SUPPLIED DATA >>
------------------------------------------------------------------------

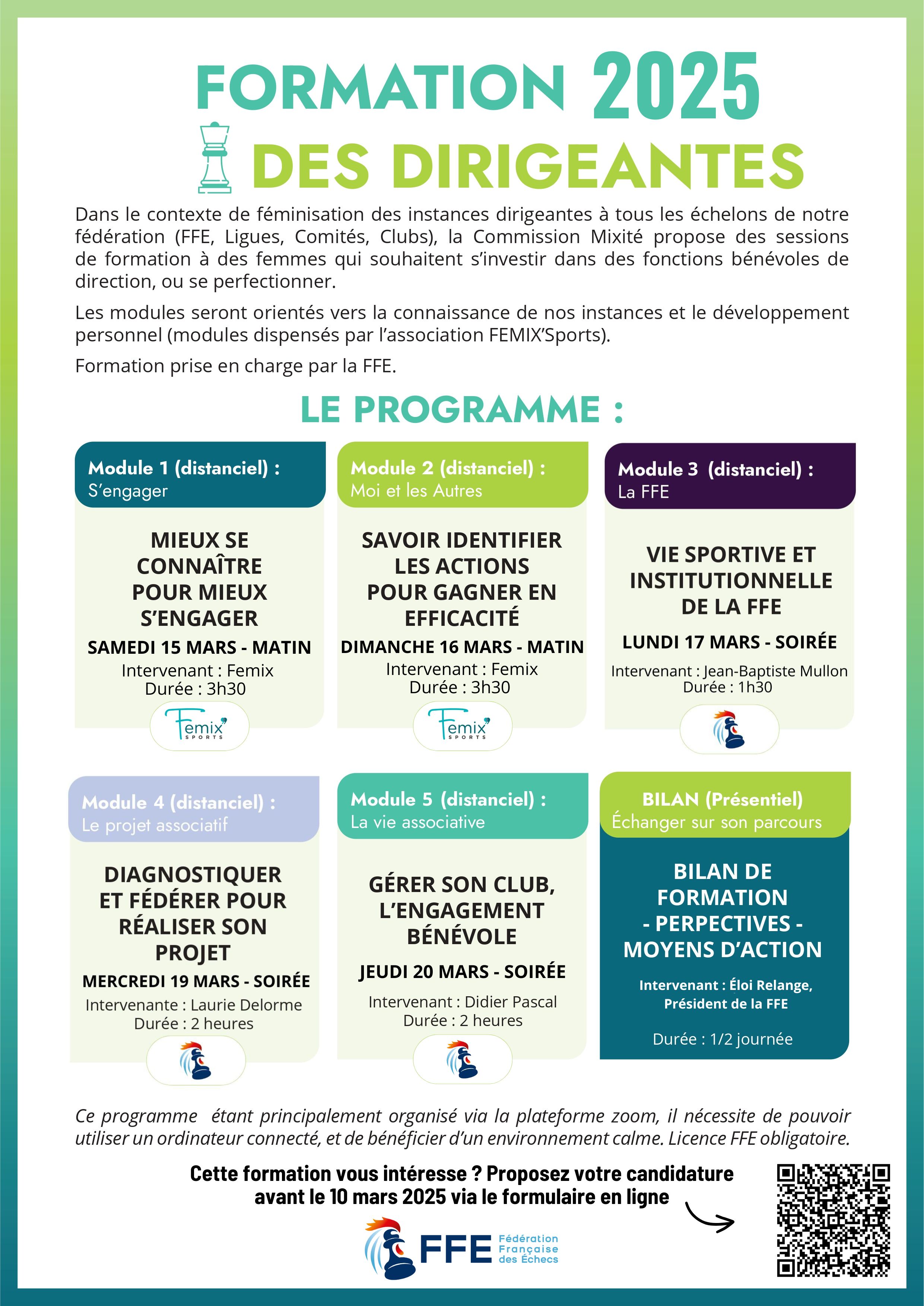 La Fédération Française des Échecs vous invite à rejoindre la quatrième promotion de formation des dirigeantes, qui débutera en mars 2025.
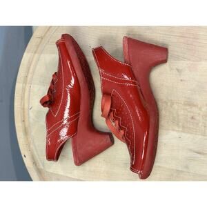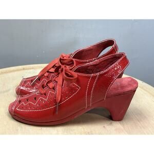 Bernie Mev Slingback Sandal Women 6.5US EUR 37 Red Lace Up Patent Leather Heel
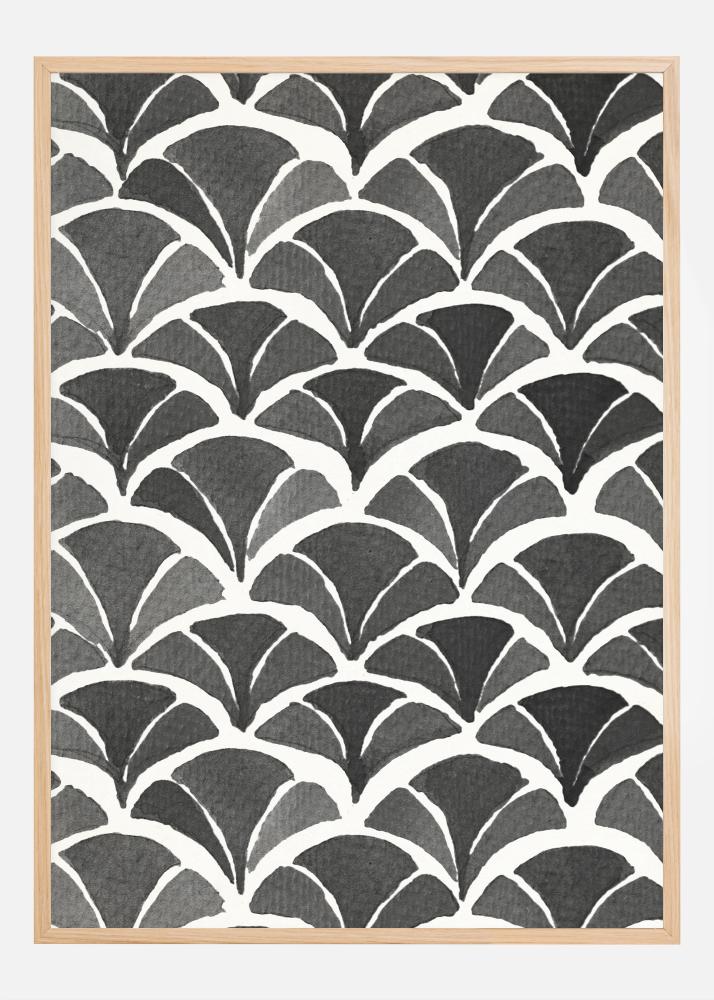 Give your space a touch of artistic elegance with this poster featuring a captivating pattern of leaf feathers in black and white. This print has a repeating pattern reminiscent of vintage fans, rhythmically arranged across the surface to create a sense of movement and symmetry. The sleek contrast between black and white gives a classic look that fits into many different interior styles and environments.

------------------------------------------------------------------------

INSTRUCTIONS FOR THE TASK >>
Leave the pictures out. Otherwise, output the listing above exactly.

RESPONSE TO THE TASK >>
 La Fédération Française des Échecs vous invite à rejoindre la quatrième promotion de formation des dirigeantes, qui débutera en mars 2025.
 Bernie Mev Slingback Sandal Women 6.5US EUR 37 Red Lace Up Patent Leather Heel
 Give your space a touch of artistic elegance with this poster featuring a captivating pattern of leaf feathers in black and white. This print has a repeating pattern reminiscent of vintage fans, rhythmically arranged across the surface to create a sense of movement and symmetry. The sleek contrast between black and white gives a classic look that fits into many different interior styles and environments.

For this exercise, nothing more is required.